The camera work in Lylah Clare is perhaps one of the standout aspects of how the film is skewed & washed over by reality vs illusion. Here’s just a few of the amazing films credited to Biroc… a master at film noir, fantasy & suspenseful landscapes. Joseph F. Biroc has lensed some of my favorite films.

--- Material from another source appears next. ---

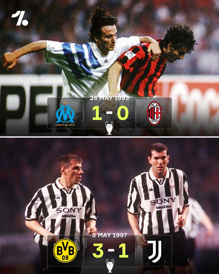 可一个相对不走运的统计在于,在1993年和1997年的欧冠决赛中,当时的米兰和尤文均闯进了决赛而有望争夺冠军。但在慕尼黑进行的这两场比赛,意甲球队却都不是更终的赢家--米兰不敌马赛屈居亚军,多特击败尤文捧起奖杯。

The Killer That Stalked New York (1950), Cry Danger (1951), The Glass Wall (1953) Vice Squad (1953), Donovan’s Brain (1953), Down Three Dark Streets (1954), Nightmare (1956), The Amazing Colossal Man (1957), Born Reckless (1958), Home Before Dark (1958), The Bat (1959), 13 Ghosts (1960), Toys in the Attic (1963), Kitten with a Whip (1964), Hush… Hush, Sweet Charlotte (1964), Enter Laughing (1967), Tony Rome (1967), The Detective (1968), The Killing of Sister George (1968), The Grissom Gang (1971), Emperor of the North (1973), Blazing Saddles (1974), The Longest Yard (1974)

William Glasgow who had worked on Hush… Hush, Sweet Charlotte (1964), What Ever Happened to Baby Jane? (1962) and Kiss Me Deadly (1955) is responsible for the stunning art direction.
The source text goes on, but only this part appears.